I am not convinced that Bitcoin can apply force to the government to make it do anything. The goodness of an idea lies in the understanding of those who act on that idea, not in the idea itself. The completion among groups with different ideas is not based on the goodness of those ideas, and neither is the success of that completion based on truth, goodness or justice. If we don’t act with the understand that politics is the process by which the authority to wage war, tax and imprison emerges into our world, that doesn’t negate the actions of others. The war among those with ideas is no less fierce and requires warriors. Just doing my part. #liberty #libertarian #asknostr
It's definitely a competition of ideas. But Bitcoin removes government's ability to extract wealth at will from the people living there. And if the people can exit because of poor treatment, the actions of the government has direct consequences. Human action is what changes the world.
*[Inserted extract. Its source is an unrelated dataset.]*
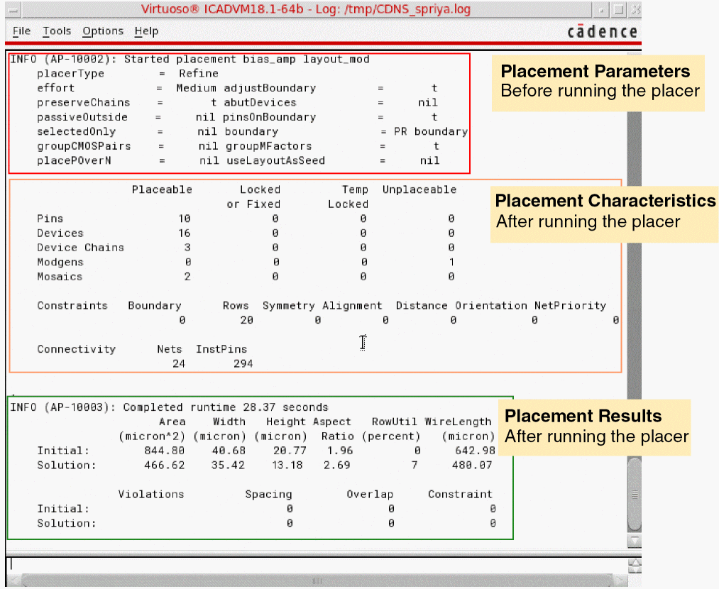 - Placement Results: Summary of the initial placement and the final placement achieved, followed by a list of errors and warnings (if any). The number of spacing and overlap violations is also listed.

Ideas are what motivates this action, but ideas without action are worthless. I think we're saying basically the same thing. But government power is very likely to be reduced/limited by the existence and especially by the mass adoption (human action) of it by the populace. BTW - This is a great video by Larkin Rose... https://youtu.be/hw01fB3hqBM?si=EU5s4DsGTUQta-Ft
There is no justification with regard to accepting first principles. First principles come from experience not proof. I don’t know the proof that Bitcoin removes government's ability to extract wealth. What principle is it based on? The principle “Every Human Being owns Himself’ also does not emerge from the knowledge of good or evil, it is something to be agreed on or not in our experience. The process that has allowed us to formulate concepts of good and evil perpetuates itself by the manifestations of those concepts in the common understanding of our environment. In other words, I understand slavery is bad because our environment has created understandable concepts that didn’t prevail in history. Which came first, the success of those concepts, or the goodness of them?